Using a research network to analyse intercountry qualitative data
Dr. Lot Nyirenda, Liverpool School of Tropical Medicine. Email: lot.nyirenda@lstmed.ac.uk or nyirendalot@yahoo.co.uk
Members of the QRN, meeting in Liverpool
Analysis that is rooted in a strong understanding of the local context, the researchers’ positionality and has been developed through multiple rounds of joint discussion, is an essential part of ensuring rigor in qualitative research. Since by its nature qualitative research is interactive, collaborative and based on exploring and understanding perceptions and experiences, multi-country studies that involve such research face challenges in facilitating this process and interpreting findings across contexts.
In the UNITAID/PSI HIV Self-Testing Africa (STAR) project, we have used a Qualitative Research Network (QRN) as a method to manage and analyse qualitative research data on HIV self-testing (HIVST) collected in Malawi, Zambia and Zimbabwe. The STAR project is a large multi-country study on the impact of HIVST and includes a number of formative and exploratory qualitative studies in these three phase I countries. Among its objectives, the QRN seeks to provide a forum for qualitative research partners within the consortium to meet, exchange ideas and ensure a common approach to qualitative studies that addresses key gaps in current knowledge in HIVST scale-up. The network enables two key aspects of sound inter-country analysis that underpin our approach. First is the technical side, which involves an agreement on an analytical approach to be employed. Second is the human relations side, that adds a layer of trustworthiness and ensures such a network fulfills its mandate. I address these areas in turn.
A common analytical approach
We shared topic guides and adapted these locally, having developed a common understanding of culture and language. Contentious phrases in HIVST research around counselling, consent and coercion were discussed, translated and back translated before being discussed again by the group. Common sampling frames and data collection tools underpinned a robust comparison. Informed by the nature of the enquiry, team members selected an analytical approach. In our case, we settled for framework analysis, which we found useful for our purpose.
The framework method has clear steps and is suitable for multi-country studies. We deductively generated themes based on research questions and objectives and later added themes generated inductively from the data. (In panel 1 below, I give an example of integrating deductive and inductive perspectives). We used the themes to construct a coding framework, which we wrote into NVivo version 10. We also noted the commonalities and differences in methods across countries and how these were mapped onto each other and the overarching research goals for the wider STAR consortium. To enhance coordination, we developed a Data Management and Coding protocol which, among other things, spelt out how transcripts should be named and how additional themes can be added to the coding framework during coding.
Panel 1: Forced testing and compassionate forced testing in the context of HIV self-tests: the case of integrating deductive and inductive perspectives
One of the themes we set out to explore and describe in the three countries was that of social harms in relation to HIV self-testing. Forced testing was an example of such harm. In one of the study countries, respondents in a focus group discussion (FGD) with community members discussing the social harm of forced testing wondered why and how forced testing was bad. They asked FGD facilitators to explain why it was bad to force one’s child, spouse or relation, explaining that it was for the good of those being forced to test because that would lead to accessing proper care and treatment.
Such understanding is something we did not anticipate and we called the phenomenon ‘compassionate forced testing (CFT)’ since the forced testing was done out of compassion for the one being ‘forced’. In the same country, some respondents argued that some people, such as house servants who look after children, must be forced to test to protect the children.

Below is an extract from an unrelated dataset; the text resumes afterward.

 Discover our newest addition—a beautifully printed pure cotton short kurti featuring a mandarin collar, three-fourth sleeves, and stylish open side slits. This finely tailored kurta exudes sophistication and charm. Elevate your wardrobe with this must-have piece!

We termed this ‘precautionary forced test (PFT)’ since the forced testing was done as a precautionary measure to protect the children being looked after.

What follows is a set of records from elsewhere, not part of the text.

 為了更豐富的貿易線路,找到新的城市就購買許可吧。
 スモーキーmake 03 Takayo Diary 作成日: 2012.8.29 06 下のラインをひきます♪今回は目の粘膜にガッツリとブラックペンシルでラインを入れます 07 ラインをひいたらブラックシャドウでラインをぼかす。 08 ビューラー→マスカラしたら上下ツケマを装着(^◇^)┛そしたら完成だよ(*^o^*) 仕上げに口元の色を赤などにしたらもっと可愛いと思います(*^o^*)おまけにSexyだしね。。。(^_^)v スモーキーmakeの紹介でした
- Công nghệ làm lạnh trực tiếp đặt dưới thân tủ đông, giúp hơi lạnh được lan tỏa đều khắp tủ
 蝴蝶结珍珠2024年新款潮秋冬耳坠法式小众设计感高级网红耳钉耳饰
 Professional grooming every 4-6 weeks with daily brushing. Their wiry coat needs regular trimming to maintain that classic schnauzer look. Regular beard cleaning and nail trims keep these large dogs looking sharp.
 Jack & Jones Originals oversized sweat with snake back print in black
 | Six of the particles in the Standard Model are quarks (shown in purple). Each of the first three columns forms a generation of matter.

Such concepts emerged from the data (hence inductive themes), were common across contexts and had an agreed definition within the network, allowing them to be incorporated into the common coding framework.

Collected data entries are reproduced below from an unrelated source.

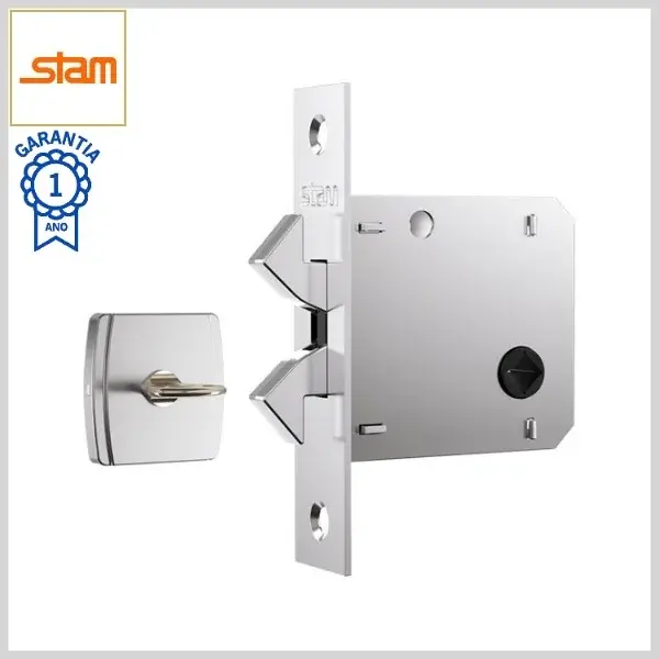 Fechadura Porta Correr Banheiro Standard 1006s Broca45mm Tranqueta s/Maçaneta c/Roseta Inox Quadrada - Cromado - Stam
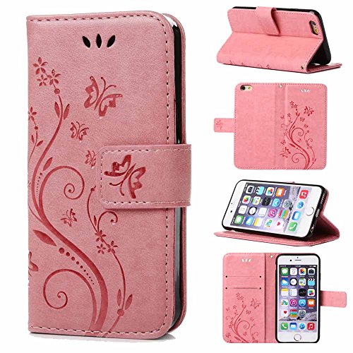 C-Super Mall-UK - Custodia per Apple iPhone 6 Plus / 6s Plus da 5,5” pollici, custodia a libro autoportante in pelle PU incisa con un cuore e una farfalla, custodia con chiusura magnetica.
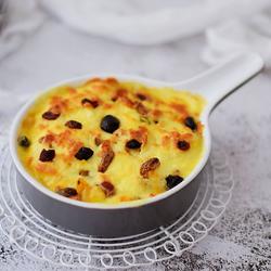 4.Take a baking bowl that can go into the oven , pour all the mixed toast ingredients into the baking bowl
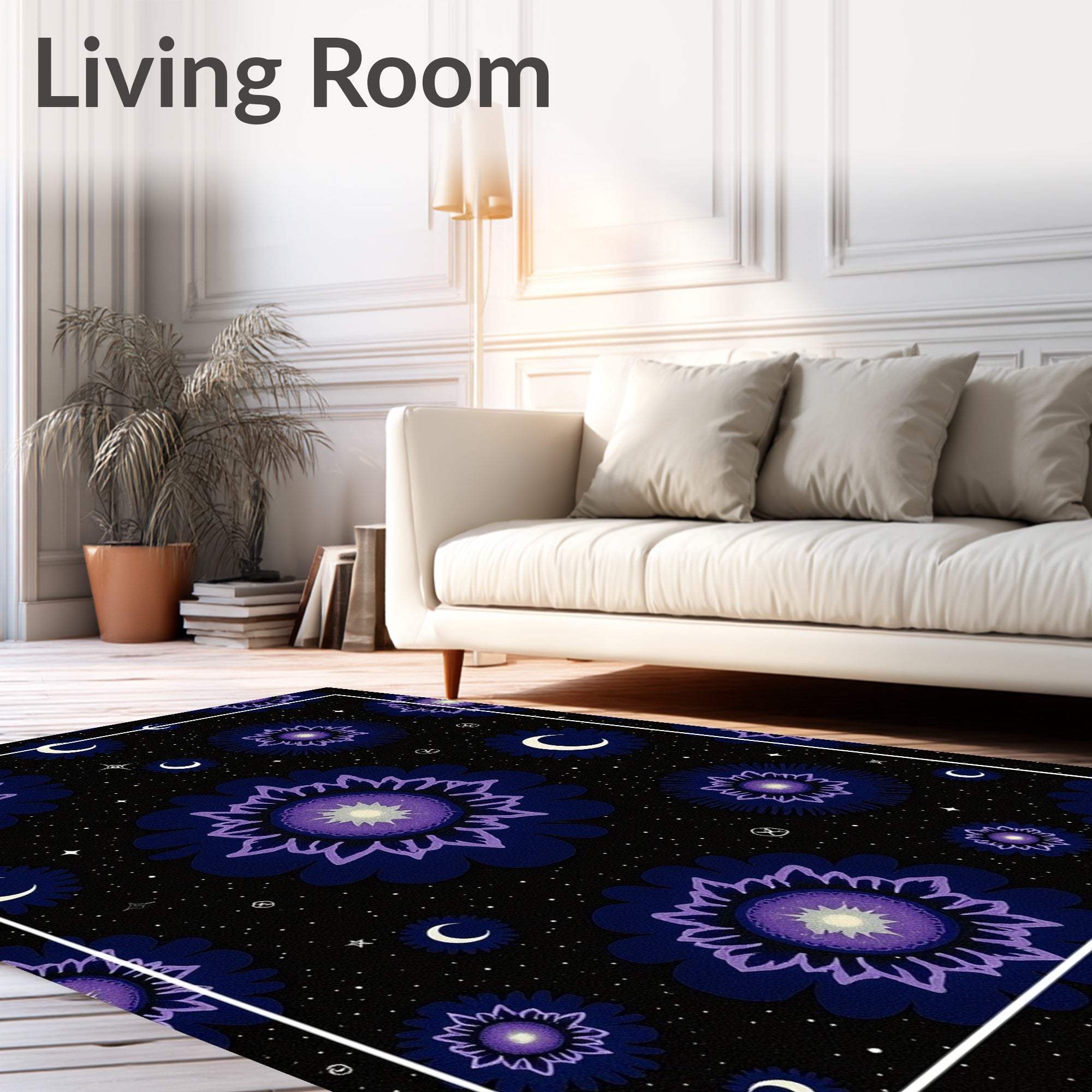 Flatwoven High Traffic Area Rug, Celestial Night Sky Radiant Cosmic Doormat Chair, Non Slip, Stain Resistant, Washable Area Rugs for Living Room, Bedroom (Black) Overview:

Human relations in a research network
Working as a network entails members should be in constant and productive touch. For the QRN, we engage through emails, WhatsApp, face-to-face meetings and regular skype calls. Factors such as mutual respect and benefit, trust, good communication, clear partner goals and expectations, and shared commitment to achieving goals are known to make research teams work and have been key to the success of the QRN.
Working through the QRN has enhanced our understanding that qualitative research analysis is not a one-off thing but rather begins the moment data collection starts. As such, iteration was enhanced and enriched through conversations; not just dealing with transcripts or interview notes but with people behind the collection and management of such data. Continuous engagement enriched the probing process as members suggested areas for further enquiry. Collective reflexivity among research teams was possible as they continuously reflected on the extent to which their values might have influenced the research process and outcome.
There is need to pay attention to what makes research collaborations work including trust, commitment to goals and mutual respect. Proper planning, including thorough budgeting to support members’ continued participation in the face-to-face and other meetings should be given ample thought at the onset.